Intel saw an unexpected surge in demand for its central processors in the first quarter, driven by companies building AI services — strong enough that it sold chips previously written off.
The turnaround sent Intel’s shares soaring more than 24% to around $83, pushing its market value above $416 billion and surpassing its dot-com era peak.
Rivals AMD and Arm Holdings also gained over 11%, as investors bet that AI inference — the process of generating responses from trained models — could bring CPUs back to the centre of the AI ecosystem after years of dominance by GPUs.
Even Nvidia, which has led the AI boom with its graphics chips, is adapting to the shift, recently unveiling its own central processor in a rare move into CPU territory.
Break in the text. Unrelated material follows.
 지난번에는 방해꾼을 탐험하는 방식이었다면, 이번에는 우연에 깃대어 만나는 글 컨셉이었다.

Its shares edged higher following the news.
More than 20 brokerages raised price targets on Intel, with analysts pointing to strong demand for its Xeon server chips used in AI data centres.
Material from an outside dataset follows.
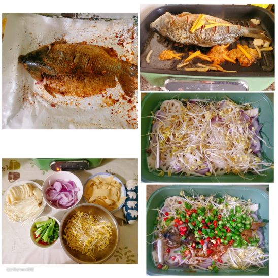 烹饪过程:先把煎烤盘放在发热盘上面预热几分钟,好了后放生姜、蒜爆一下,然后放鱼煎至两面黄(8分钟),盛处盘里备用,接着把煎烤盘换掉放深煮锅,把豆皮、豆芽、洋葱、莲藕、金针菇铺底,倒入清水,调至最高档煮一会,煮沸后放入煎好的鱼、切好的辣椒,盖上焖一会加上调料就可以了,加热的速度非常快,整个过程只用了25分钟左右。

Chief financial officer David Zinsner said tight supply forced the company to sell legacy and lower-spec inventory that had previously been shelved. While this boosted first-quarter performance, he cautioned that the same benefit may not carry into the second quarter.
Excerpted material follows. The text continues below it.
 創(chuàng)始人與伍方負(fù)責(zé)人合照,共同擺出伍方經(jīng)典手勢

Under chief executive Lip-Bu Tan, Intel’s turnaround is gaining momentum. The stock has risen more than 120% this year after an 84% jump last year.
However, the rally has pushed valuations to historic highs — with Intel now trading at around 90 times forward earnings, compared with roughly 37 times for AMD and 22 times for Nvidia — highlighting both renewed optimism and growing expectations for sustained growth.